There were a number of people selling the war as a humanitarian mission. That you don’t believe in it doesn’t make that argument go away.

Oh, that’s why we invaded Darfur…oh wait…

So, if one humanitarian mission isn’t made, then none have ever been made?

We don’t fight wars for humanitarian reasons. It is hard to sell Joe Sixpack on sending his kid to die because some dictator is being mean. It takes the added crunchiness of danger to the republic, real or fabricated. The only thing even close was the former Yugoslavia, but even there the history of conflict in that region dictated the involvement of US resources. While it served humanitarian purposes, had it been in a different region we would not have gotten involved.

Well, consider abortion. I’m firmly in the pro-life camp, so the law, which permits abortion, is not really an ally.
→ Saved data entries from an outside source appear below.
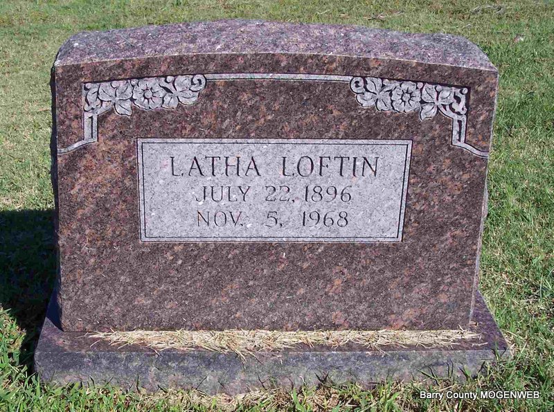 Research Note: Daughter of Morgan Pannell and Martha Elizabeth McKinney, both buried at Mineral Springs Cemetery. Wife of Grover Loftin. Divorced at the time of her death. Roland Meador of Cassville, MO was the informant on the death certificate. - June 15, 1916, Thursday, Cassville Republican - Licenses to Wed: Grover Loftin, 23, Mineral Spring and Latha Pannell, 20, Mineral Spring. | Headstone Norma Hayward Online Newspapers Census Death Certificate Phyllis Long Photo Diana Cope |
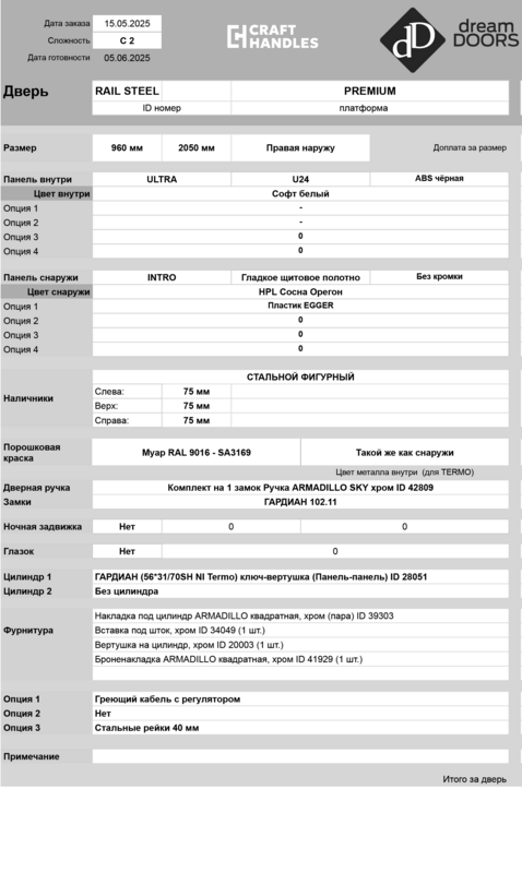 • Надежность и долговечность: Прочная конструкция и качественные материалы гарантируют долгий срок службы двери. Мы уверены в нашей продукции!
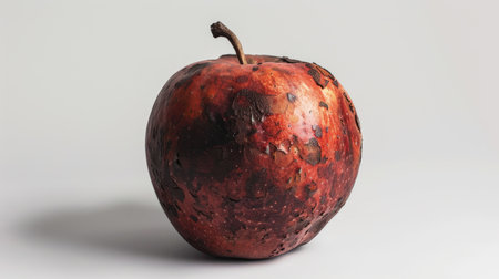 Old rotten apple on white isolated background, unhealthy to eat
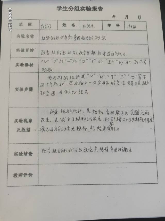 纸梁的形状与抗弯曲能力的测试
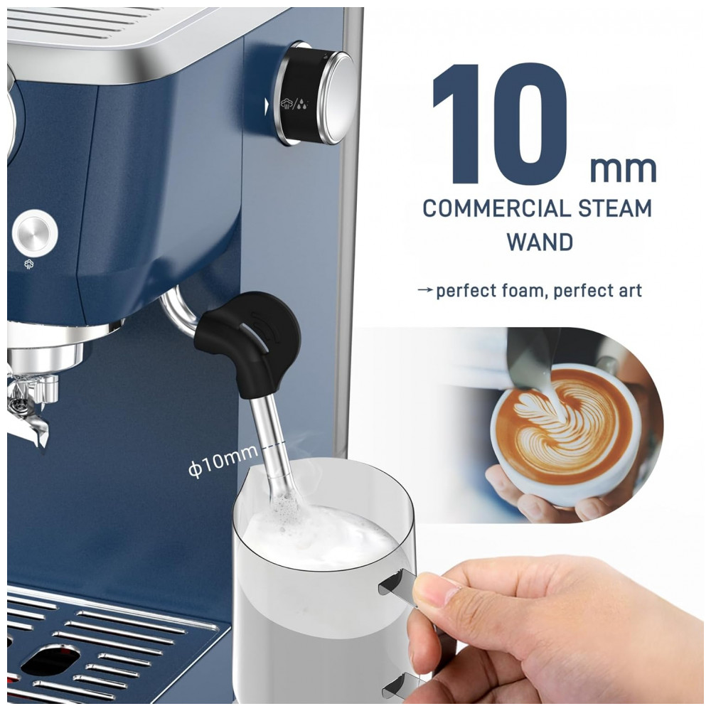 O vaporizador profissional de 10 mm em aço inoxidável é projetado para criar espuma de leite densa e aveludada, perfeita para cappuccinos, lattes e latte art, com controle preciso da intensidade do vapor via botões. A cafeteira possui manômetro colorido que indica visualmente a faixa de pressão ideal durante a extração, facilitando o controle do processo mesmo para iniciantes.

So in the case of abortion, I acknowledge that supporters are acting legally, while I believe they’re wrong in what they’re doing, I absolutely acknowledge that principled people can reach different conclusions; I don’t flatly assert that they’re wrong, period.

So I don’t really see how I’m being inconsistent.

There are people, some of them on this very board, who think that the war in Iraq was a net good because we overthrew Saddam Hussein. That would make the war in Iraq make sense for those people. That would make the war in Iraq not “senseless” for those people. When people have different attitudes and values about subjective things, we call their conclusions “opinions.”

No matter how strongly held your opinion is, it’s still an opinion not a fact. “Was it worth it?” is going to get different answers, all of them opinions, not facts. “Was it senseless?” is going to get different answers, all of them opinions, not facts.

I’m embarrassed for this board that there are people who can’t tell the difference between facts and opinions.

You’re being inconsistent by arguing that my opinion of the rightness or wrongness of action A should be influenced by its legality. If you made the statement that abortion is wrong and someone replied, “But it’s legal” I would consider that reply to be completely irrelevant. Your reply to me was equally irrelevant, if not more so. I never asked, nor cared, what the law was.

When I said so, you said that I should care and that somehow if I didn’t base my ethics on the law I’d just be left screaming at Liberal. So, take your own medicine. Base your ethics on Roe or else YOU’LL be left screaming at Liberal. That’ll learn ya.

Of course the war is not senseless for them. I agree. All of my comments about the senselessness of it have been in regards to the stated reasons. I clearly stated that if the war was not about WMD then while it may be a war I disagree with it may not necessarily be senseless. The administration has never made clear any other casus belli. If there is one let them express it then we can determine whether the war is senseless. I agree that “senseless” can be and often is an opinion, but in this circumstance we have the stated reason for the invasion (you may disagree with what I stated as the reason, but that is another issue) and we have the result, therefore a factual determination can be made. The question is did the invasion accomplish it’s ostensible goal? The answer to that question is most emphatically not opinion. The question is, was Iraq a threat to American National security and is it less of a threat now?

You and me, both…

I’ll certainly take you at your word, having no reason to react otherwise. But I’m sure you will concede that your expository skills could use a little work.